(Collected data)

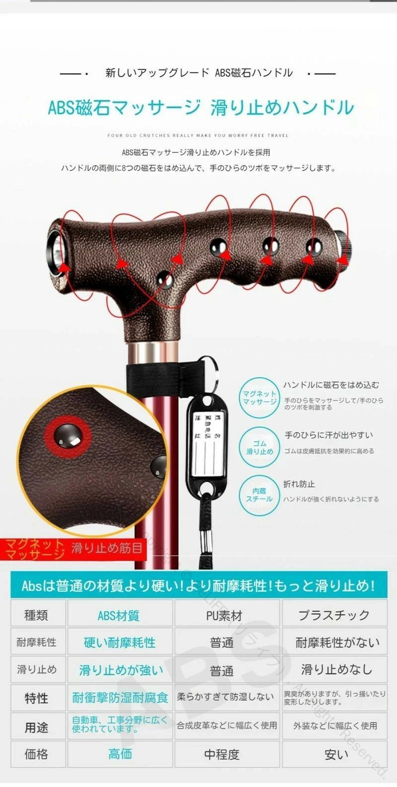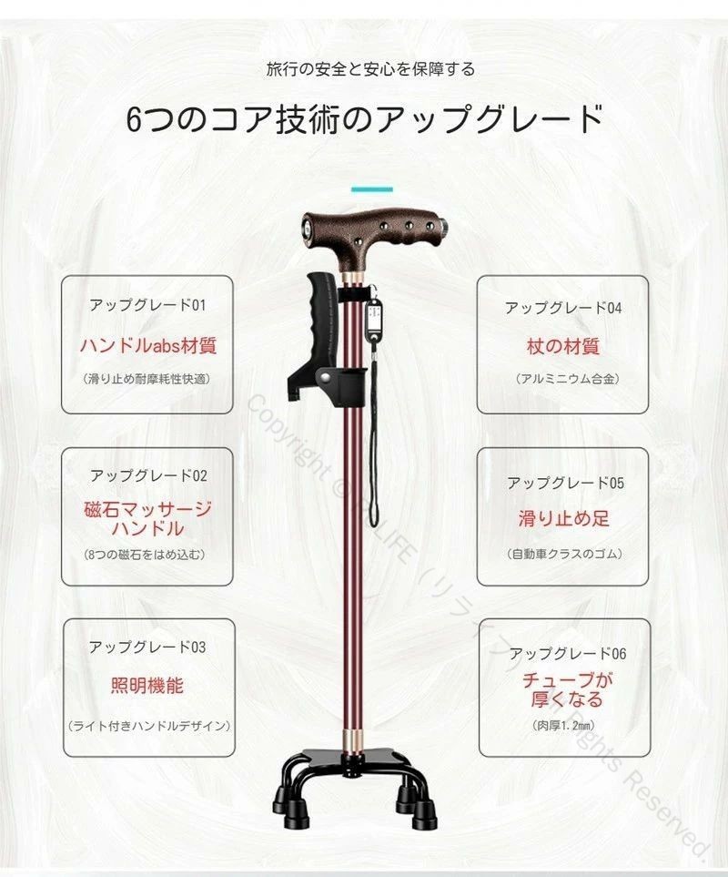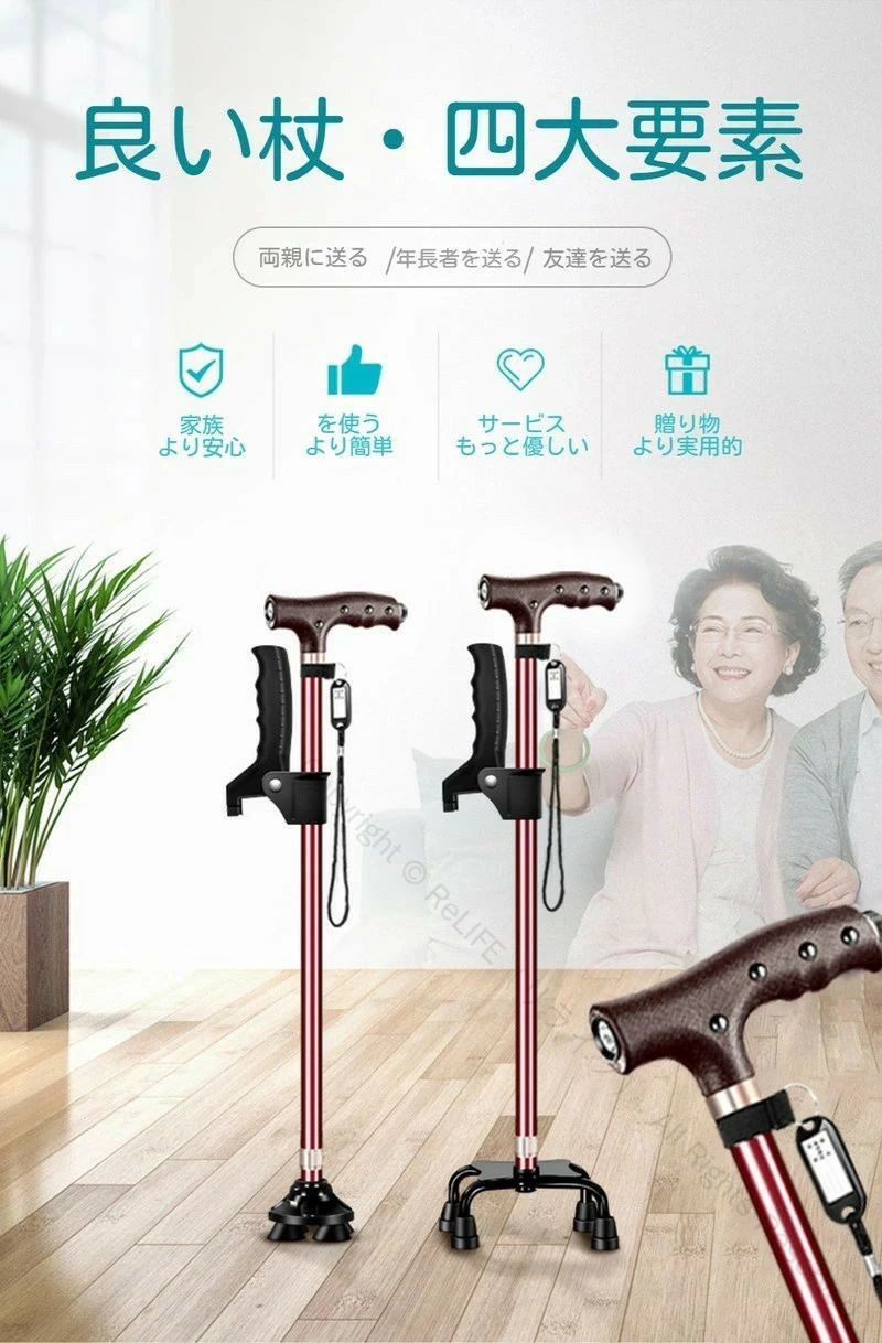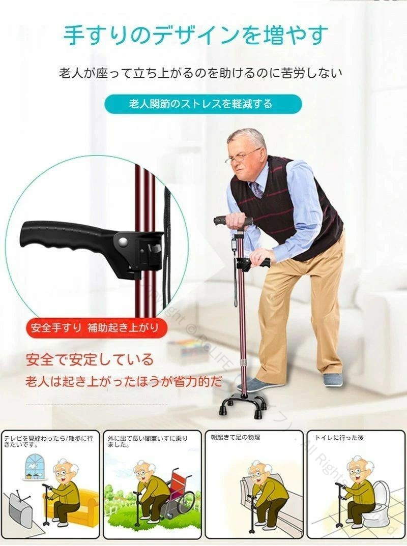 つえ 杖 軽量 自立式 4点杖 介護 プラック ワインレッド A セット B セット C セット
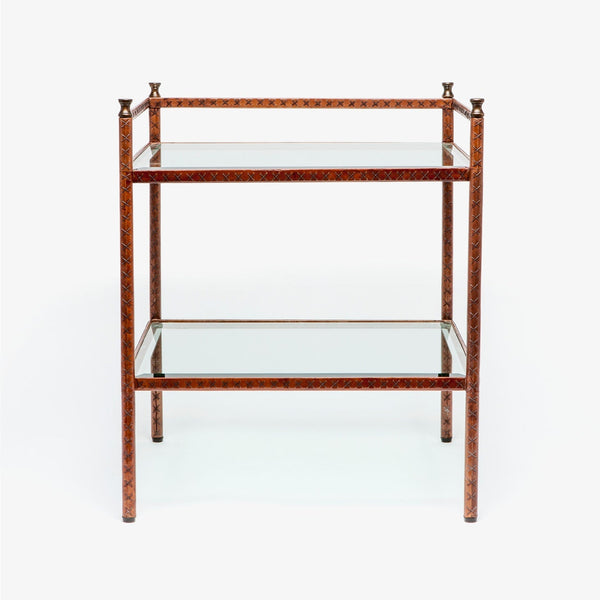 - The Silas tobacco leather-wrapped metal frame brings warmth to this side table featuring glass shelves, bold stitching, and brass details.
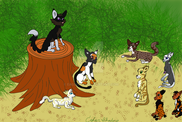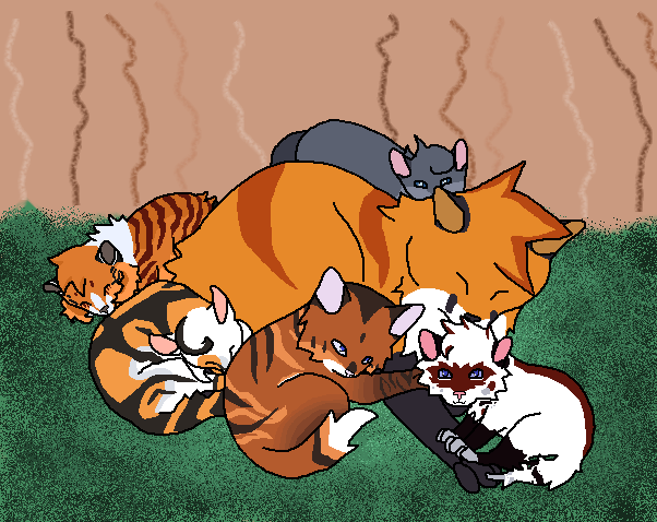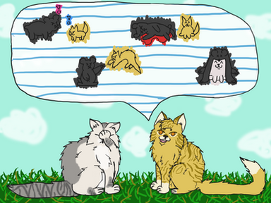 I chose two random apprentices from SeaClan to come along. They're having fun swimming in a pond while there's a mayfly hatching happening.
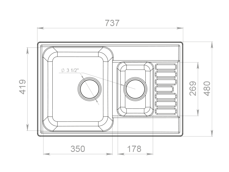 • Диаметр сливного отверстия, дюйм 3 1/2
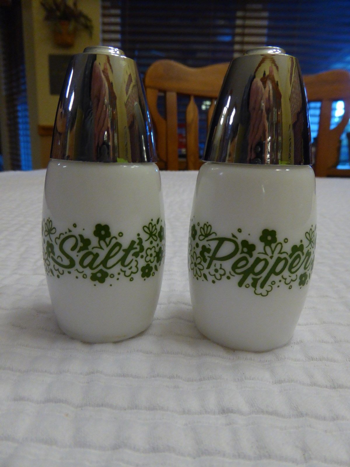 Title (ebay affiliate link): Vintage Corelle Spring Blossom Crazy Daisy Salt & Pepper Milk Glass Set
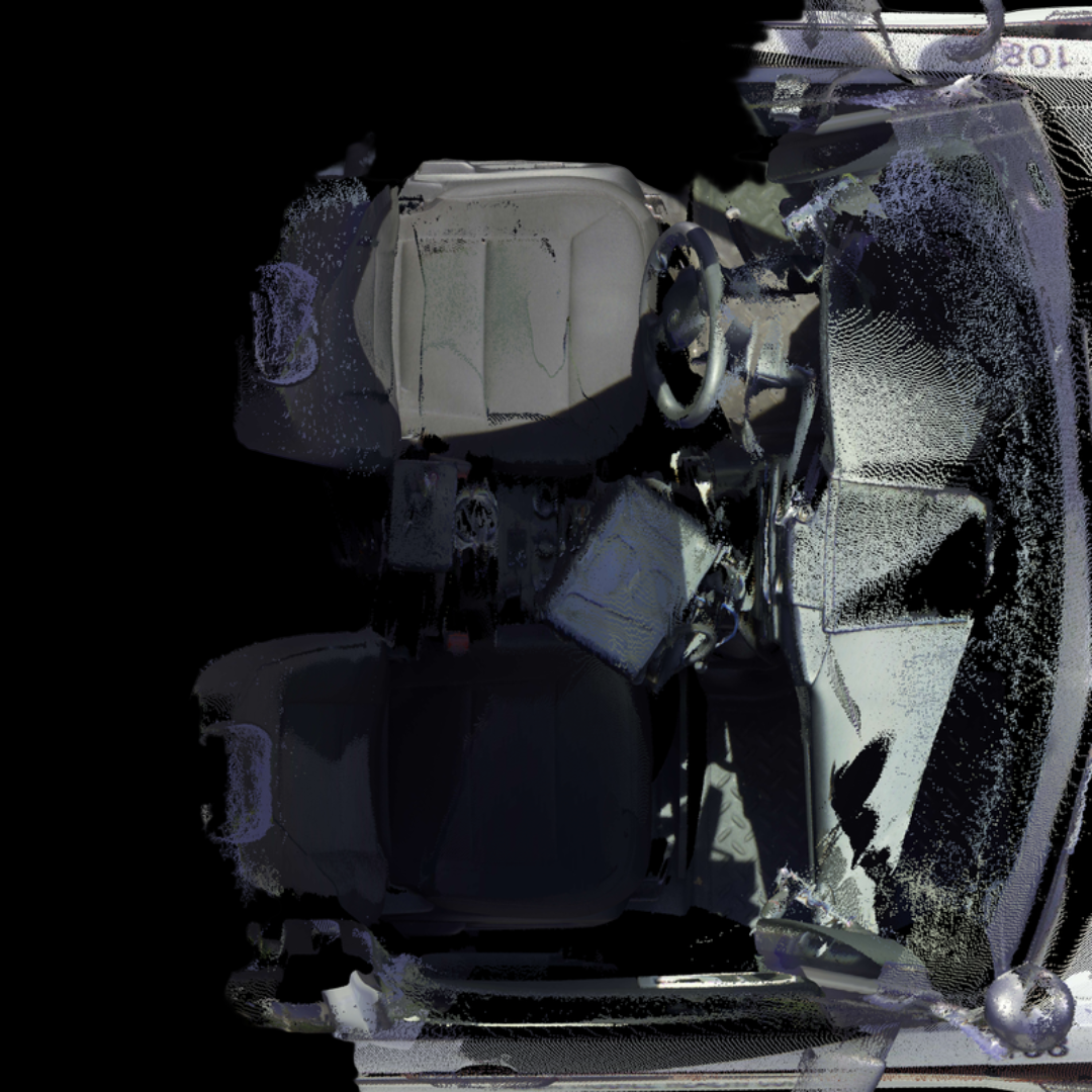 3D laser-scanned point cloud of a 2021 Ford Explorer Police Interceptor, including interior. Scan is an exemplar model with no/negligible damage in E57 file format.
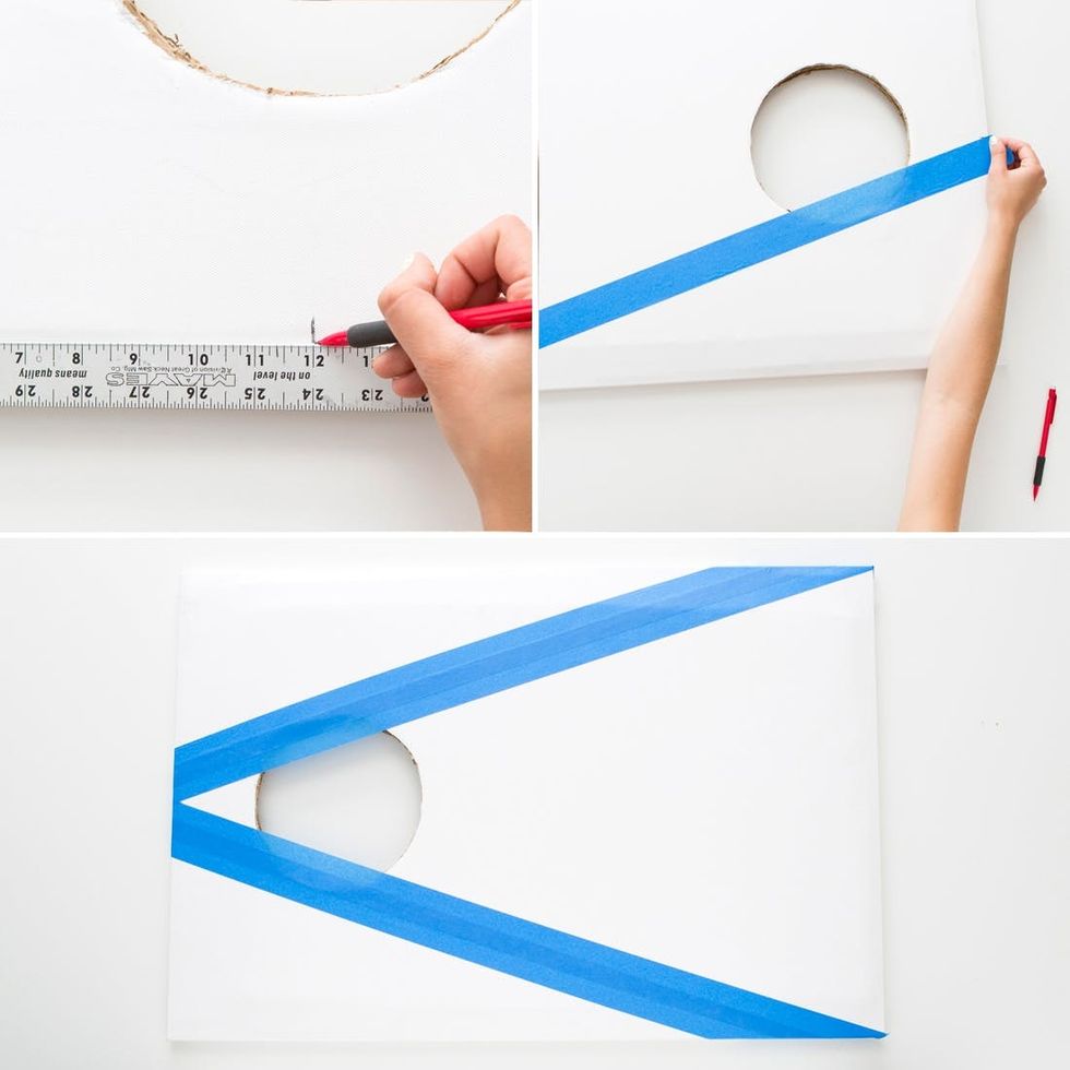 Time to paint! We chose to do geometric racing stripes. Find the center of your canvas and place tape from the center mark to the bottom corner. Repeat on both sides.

**Exercise brief:** Strip the images and reproduce the remaining records precisely.

**Solution to this problem:**
 つえ 杖 軽量 自立式 4点杖 介護 プラック ワインレッド A セット B セット C セット
 - The Silas tobacco leather-wrapped metal frame brings warmth to this side table featuring glass shelves, bold stitching, and brass details.
 I chose two random apprentices from SeaClan to come along. They're having fun swimming in a pond while there's a mayfly hatching happening.
 • Диаметр сливного отверстия, дюйм 3 1/2
 Title (ebay affiliate link): Vintage Corelle Spring Blossom Crazy Daisy Salt & Pepper Milk Glass Set
 3D laser-scanned point cloud of a 2021 Ford Explorer Police Interceptor, including interior. Scan is an exemplar model with no/negligible damage in E57 file format.
 Time to paint! We chose to do geometric racing stripes. Find the center of your canvas and place tape from the center mark to the bottom corner. Repeat on both sides.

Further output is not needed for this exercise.